> GOAL OF THE EXERCISE: Below are entries. Reproduce exactly the lines between the line holding "ค้นหาใบการันตีพระแท้" and the line holding "人事向け採用クラウド「ONE CAREER CLOUD」を展開する株式会社ワンキャリア(本社:東京都渋谷区、代表取締役社長", inclusive, and only those.

> DATA:
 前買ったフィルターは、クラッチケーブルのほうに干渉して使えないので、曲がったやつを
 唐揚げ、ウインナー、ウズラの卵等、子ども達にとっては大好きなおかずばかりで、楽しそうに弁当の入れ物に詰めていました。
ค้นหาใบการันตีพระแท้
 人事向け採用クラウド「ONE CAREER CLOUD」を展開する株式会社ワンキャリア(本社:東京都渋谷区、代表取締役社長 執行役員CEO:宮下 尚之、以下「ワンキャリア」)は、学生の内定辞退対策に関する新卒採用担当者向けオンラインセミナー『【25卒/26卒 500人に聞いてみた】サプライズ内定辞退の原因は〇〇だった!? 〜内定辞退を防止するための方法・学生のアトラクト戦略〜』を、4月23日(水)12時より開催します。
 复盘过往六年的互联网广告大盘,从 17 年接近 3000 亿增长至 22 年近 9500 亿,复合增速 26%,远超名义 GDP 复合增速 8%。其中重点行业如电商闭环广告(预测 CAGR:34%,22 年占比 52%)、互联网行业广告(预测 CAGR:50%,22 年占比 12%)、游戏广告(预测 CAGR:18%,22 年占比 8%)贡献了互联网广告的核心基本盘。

---

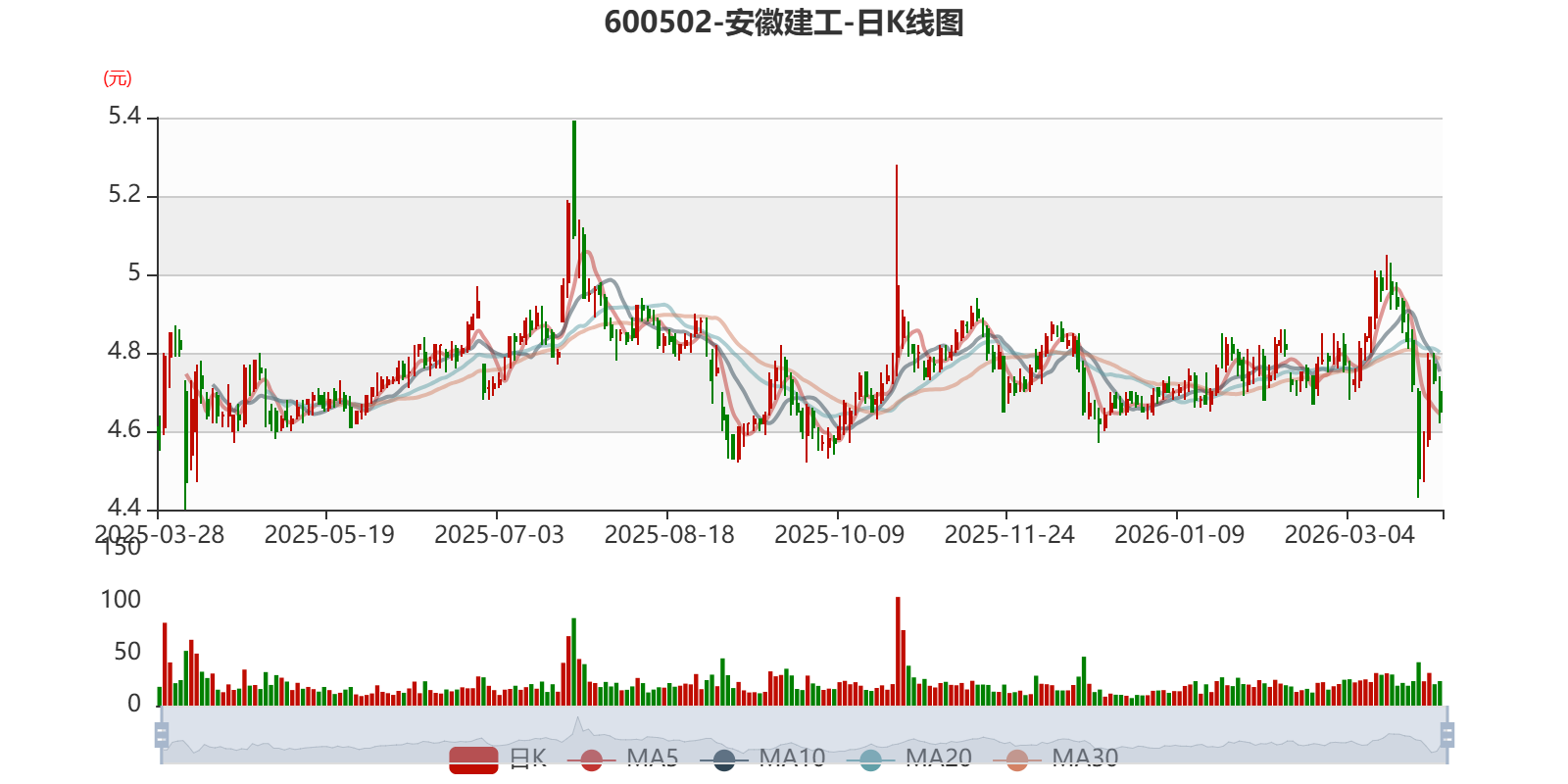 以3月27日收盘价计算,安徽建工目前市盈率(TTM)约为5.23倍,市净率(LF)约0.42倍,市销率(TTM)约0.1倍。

> COMPLETED EXERCISE:
ค้นหาใบการันตีพระแท้
 人事向け採用クラウド「ONE CAREER CLOUD」を展開する株式会社ワンキャリア(本社:東京都渋谷区、代表取締役社長 執行役員CEO:宮下 尚之、以下「ワンキャリア」)は、学生の内定辞退対策に関する新卒採用担当者向けオンラインセミナー『【25卒/26卒 500人に聞いてみた】サプライズ内定辞退の原因は〇〇だった!? 〜内定辞退を防止するための方法・学生のアトラクト戦略〜』を、4月23日(水)12時より開催します。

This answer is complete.